I threw caution to the wind and urged Fleeter on. She surged up the steep trail in powerful bounds, and suddenly an abandoned camp was before us. Hasty shelters of branches and evergreen boughs surrounded a blackened place where a small campfire had burned. “Stop!” I called to the others. We dismounted and Perseverance stayed with the horses as we moved forward more slowly. I quested with my Wit but felt no others near. If there had been Chalcedeans stalking Shine last night, they were here no longer. I squatted down to peer into a temporary shelter built of pine boughs. Someone had huddled in there. That was all I could tell.
“Fitz,” Riddle said, his voice soft but urgent. He pointed with a gloved hand.
White coat, pale skin, pale hair. Dead. Sprawled on her back in the snow, the only color a bit of blood coming from her mouth.

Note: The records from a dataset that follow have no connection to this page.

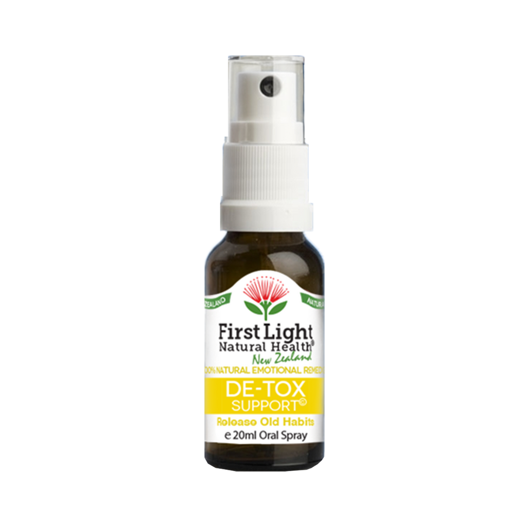 First Light Natural Health® De-Tox Support© Spray is an emotionally cleansing flower essence blend to support the natural release and elimination of old outworn habits and emotional patterns. Supports inner purity, order and wholeness. Supports you to initiate a change and apply personal will and resolution to gain positive momentum. Use when letting go of the old, when breaking a habit, fasting, dieting, detoxing or embarking on a spring clean of any kind.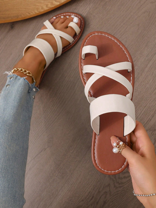 صندال مسطح كاجوال كوري منفتح الأصابع للصيف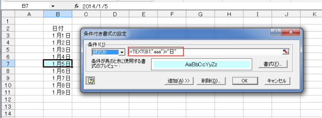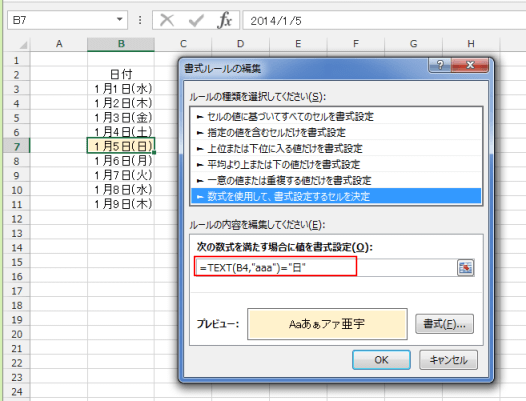 - 数式を見ると・・・ =TEXT(B4,"aaa")="日" となっています。

Riddle and I crouched over her, our heads close together. I slid a hand under her neck and lifted. It wasn’t broken.
“That’s a hard grip to get or maintain,” he said. “I’m impressed.”
I nodded. Chade’s daughter. Cup the back of the neck and drive the pinching fingers in hard to crush the windpipe. No air, choking on her own blood. Not the quickest death in the world nor the quietest, but it had done the job.